April 18, 2023 | Stamford, CT — Approximately 40% of U.S. small businesses and mid-sized companies are experiencing tighter lending standards, including about one in 10 companies who say credit standards have already tightened considerably.
Tightening lending markets are exacerbating concerns among company owners and executives about the near-term outlook for their businesses. The Greenwich Optimism Index has been stuck in negative territory since the U.S. Federal Reserve started hiking interest rates in March 2022. A negative reading indicates that a majority of small businesses and mid-sized companies expect the economic conditions to deteriorate going forward, rather than improve.
Participants in the latest Greenwich Market Pulse continue citing inflation, rising interest rates and a persistently tight labor market as key challenges.
“Fueling the negative outlook are reports of poor sentiment among manufacturers, decreased demand from large customers, and concerns about weakening earnings,” says Chris McDonnell, Head of Community, Commercial and Digital Banking at Coalition Greenwich.
Tighter credit markets have not caused small businesses and mid-sized companies to seek out new and more generous lenders—yet. However, Private Equity providers and other alternative sources of capital may present attractive non-traditional opportunities for companies seeking liquidity. About one in five Greenwich Market Pulse participants say they are likely to switch bank providers. This proportion is approximately twice the typical switching rate, but down from the 30% levels reached during the turmoil surrounding the COVID-19 crisis.
U.S. Businesses Maintaining Investment Plans, Relying More on Cash
Despite the change in conditions, a large majority — roughly 80% — of companies plan to maintain or even increase planned capital expenditures for 2023. However, with banks becoming less generous with credit, small businesses and mid-sized companies are forced to adjust.
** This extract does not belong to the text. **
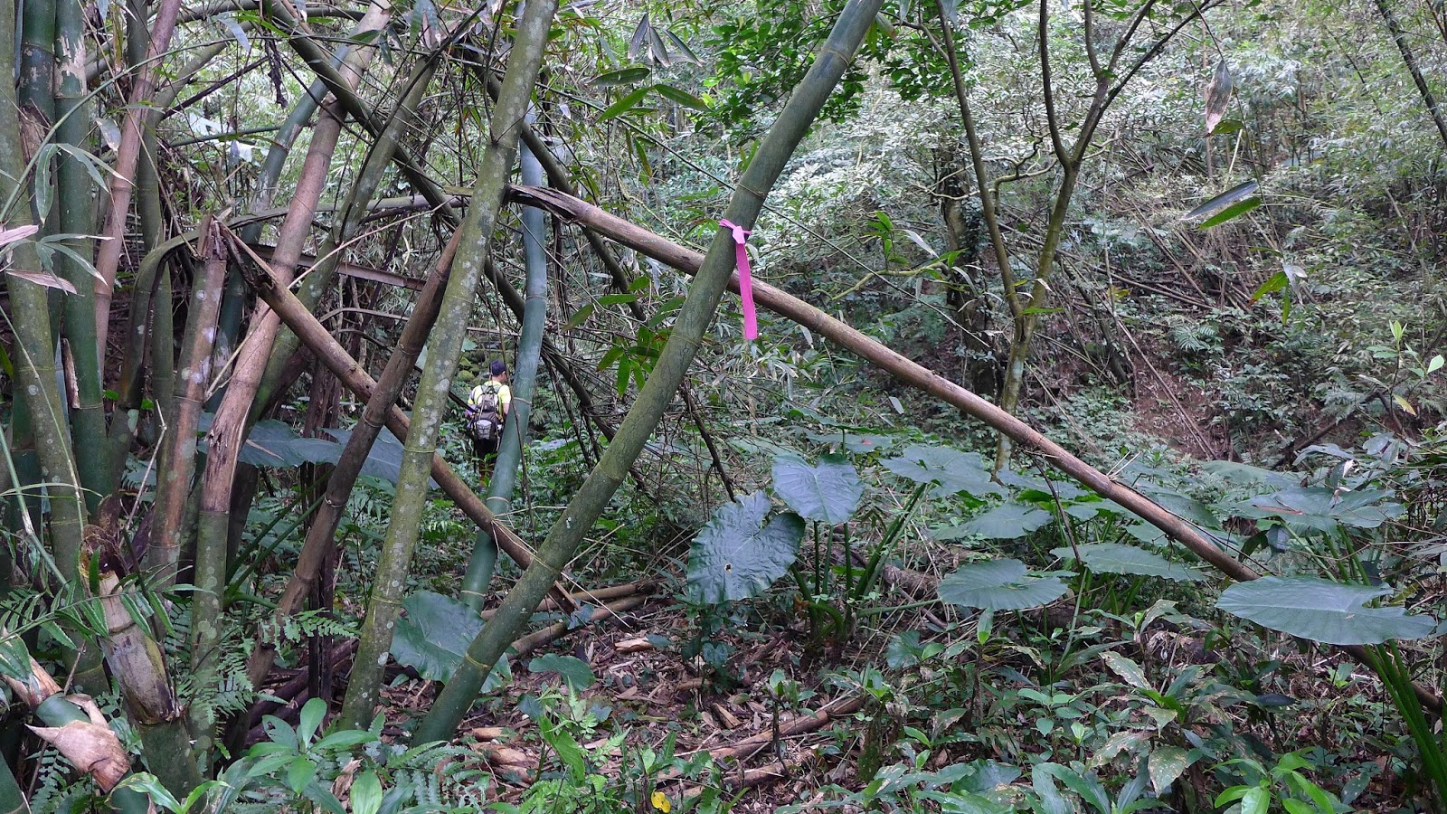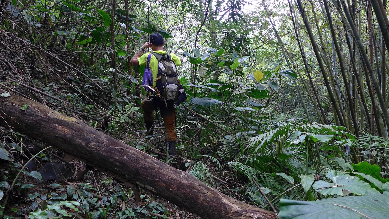 這段主線是先完飛沙縱走後才來開始走的,因此這段路包括後續其他行程只要進原始山徑山手上都不是拿登山杖,都是用枝葉在掃蜘蛛網,果然走起來舒服許多,不用一直撞到蜘蛛網在那邊撥來撥去,特別我又愛穿短袖...黏到手臂上也是挺不舒服的阿。
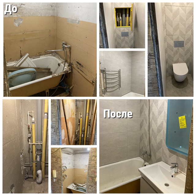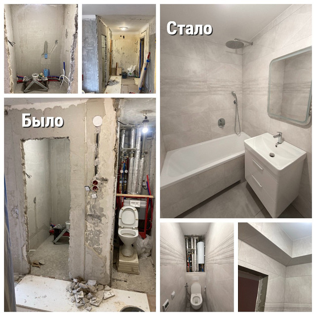 Опыт работы — 5 лет. Делаю на совесть: ровные стены, надежная разводка, четкая укладка плитки. Беру на себя весь цикл: от демонтажа и до финишной отделки.

Two thirds of the companies planning to increase capital expenditures plan to finance that growth through cash/retained earnings. At the other end of the spectrum, about one in five companies plans to reduce capital expenditures below expected levels for 2023 and almost 90% of those companies plan to reduce borrowing, including 15% of businesses planning to suspend borrowing altogether.
The recent Greenwich Market Pulse updates the Greenwich Optimism Index, companies’ financing and spending plans, and provides insights into what companies are looking for from their banks in areas like data and analytics, digital banking services and open banking.